To protect themselves, boards of cooperatives and condominiums should review the indemnification provisions of their by-laws to ensure that individual board members are indemnified by the cooperative or condominium as broadly as is legally permitted.  They should also review their directors’ and officers’ liability and umbrella insurance policies to ensure they are as broad and generous as possible.  Cooperative boards should further consider obtaining shareholder approval to insert a special provision in their cooperative’s certificates of incorporation, as permitted by the New York Business Corporation Law, to eliminate, except under extreme circumstances, the  personal liability of directors to their shareholders for breach of their fiduciary duties.  Please contact us if we can advise you in these matters.

The best initial protection for all boards, of course, is to make decisions carefully and deliberately.  They should, moreover, keep in mind that indemnification provisions and insurance in New York have never covered fraudulent or dishonest acts or omissions, willful violations of any statute or regulation, punitive damages, or a director’s acts that are committed in bad faith, are “the result of active and deliberate dishonesty” or from which the director has “ personally gained in fact a financial profit or other advantage to which he was not legally entitled.”[7]

[1] The Appellate Division, First Department is the intermediate New York State appellate court for Manhattan and the Bronx.  This particular decision, because of its procedural context, is not appeal-able.

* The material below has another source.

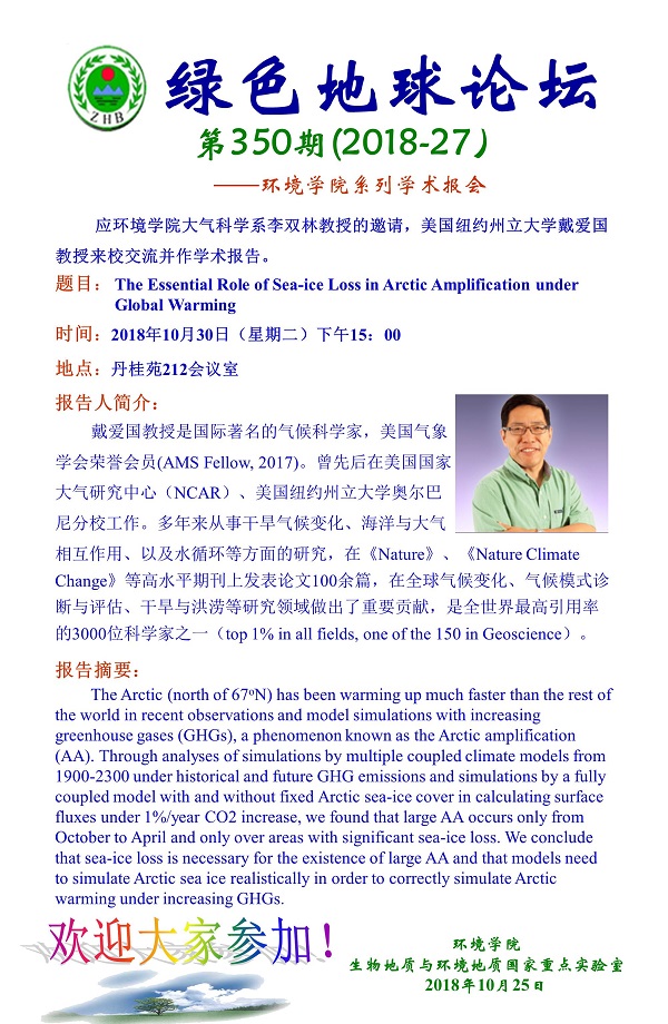 绿色地球论坛第350期(2018-27) ——环境刮刮卡 系列学术报告会 题目:The Essential Role of Sea-ice Loss in Arctic Amplification under Global Warming 时间:2018年10月30日(周二)下午15:00 地点:丹桂苑212室

[2]  2012 WL 2532149 (N.Y.A.D. 1st Dep’t July 3, 2012).

[3]  38 A.D.3d 1, 825 N.Y.S.2d 28 (1st Dep’t 2006).

[4]  The business judgment rule provides that, in order for a board decision to be subject to judicial scrutiny, “an aggrieved shareholder-tenant must make a showing that the board acted (1) outside the scope of its authority, (2) in a way that did not legitimately further the corporate purpose or (3) in bad faith”.  40 W. 67th St. Corp. v. Pullman, 100 N.Y.2d 147, 155, 760 N.Y.S.2d 745, 790 N.E.2d 1174 (N.Y. 2003).

[5] 2012 WL 2532149, at *1.

[6] Our firm is co-counsel for the defendants in the Fletcher case.  In a subsequent decision, defendants were granted summary judgment dismissing all of plaintiff’s claims.

[7] N.Y. Business Corporation Law § 721; Biondi v. Beekman Hill House Apartment Corp., 94 N.Y.2d 659, 731 N.E.2d 577, 709 N.Y.S.2d 861 (N.Y. 2000).

 

This memorandum was initially issued by the cooperative/condominium practice group of Balber Pickard Maldonado & Van Der Tuin, PC which joined Smith, Gambrell & Russell, LLP on February 1, 2017 and now practices as part of SGR’s cooperative/condominium practice group.